I cannot recall a single instance where you provided an accurate or adequate
account of my position. In every instance I have addressed your concerns and
that's about the time you usually run off. The fact that you run off
thinking you have made some kind of point, smacks of self delusion. But hey,
that's what the New Age is all about right?

Krimel said:
One or two threads over dmb, called me a scientific dogmatist. That just
sounds like an oxymoron to me. Science is anti-dogmatic. It is rooted in
skepticism. It recognizes the tentative nature of truth and offers nothing
more than a best guess. It insists that concepts are subordinate to
perception. It states its assumptions and invites questioning of them.
...Does this give science a privileged claim to Truth or even truth. Not
really. But I would say to anyone two-stepping to a different gong that if
we have guess on these matter, why not make it our best guess? 

dmb says:
Yes, ideally at least, scientific truths are provisional. But people can be
dogmatic about anything and some people are dogmatic about science, like
Dawkins for example. 

[Krimel]
Oh golly, people might actually carry something too far. My we ought to
throw out the whole enterprise. 

Dawkins works from a very substantial basis. Evolutionary theory, while it
is provisional, is about as close to fact as science gets. I believe that
that is the position Dawkins takes. The positions he attacks and the people
who are uncomfortable with him are mostly the ones who ought to feel
uncomfortable with what he is saying.

[dmb]
There is an article in the Atlantic Monthly online that pretty well explains
why James would dislike Dawkins, as Rosenthal contends.
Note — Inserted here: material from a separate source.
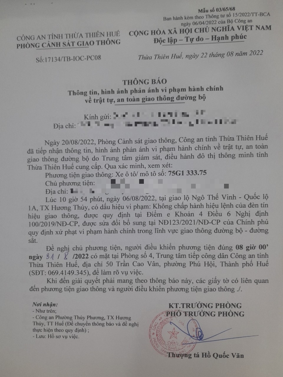 Vào lúc 10 giờ 54 phút, ngày 06/08/2022 Xe máy mang biển kiểm soát 75G133375 Không chấp hành hiệu lệnh của đèn tín hiệu giao thông tại địa điểm Ngô Thế Vinh - QL1A

The article is
titled "The Nitrous Oxide Philosopher" and includes this little quote from
James...

"No part of the unclassified residuum [of human experience] has usually been
treated with a more contemptuous scientific disregard than the mass of
phenomena generally called mystical. Physiology will have nothing to do with
them. Orthodox psychology turns its back on them. Medicine sweeps them out;
or, at most, when in an anecdotal vein, records a few of them as "effects of
the imagination"--a phrase of mere dismissal, whose meaning, in this
connection, it is impossible to make precise. All the while, however, the
phenomena are there, lying broadcast over the surface of history."

[Krimel]
I agree with James that religious experience deserves more study than it was
getting at his time or since. I am appalled at federal government drug
policies that, in addition to providing federal subsidies for the criminal
class, have put an end to legitimate scientific study of the effects of
these drugs. But seriously, while I like going to the dentist for the
occasional hit of laughing gas, there are a host of much more fun
alternatives. 

But what you constantly dismiss is the fact that the studies that have been
done, suggest that religious observance provides a number of health
benefits. They suggest that if you practice thinking happy thoughts you will
get better at thinking happy thoughts and thinking happy thoughts is good
for you. 

What, I continue to ask, do you think they provide that extends beyond this?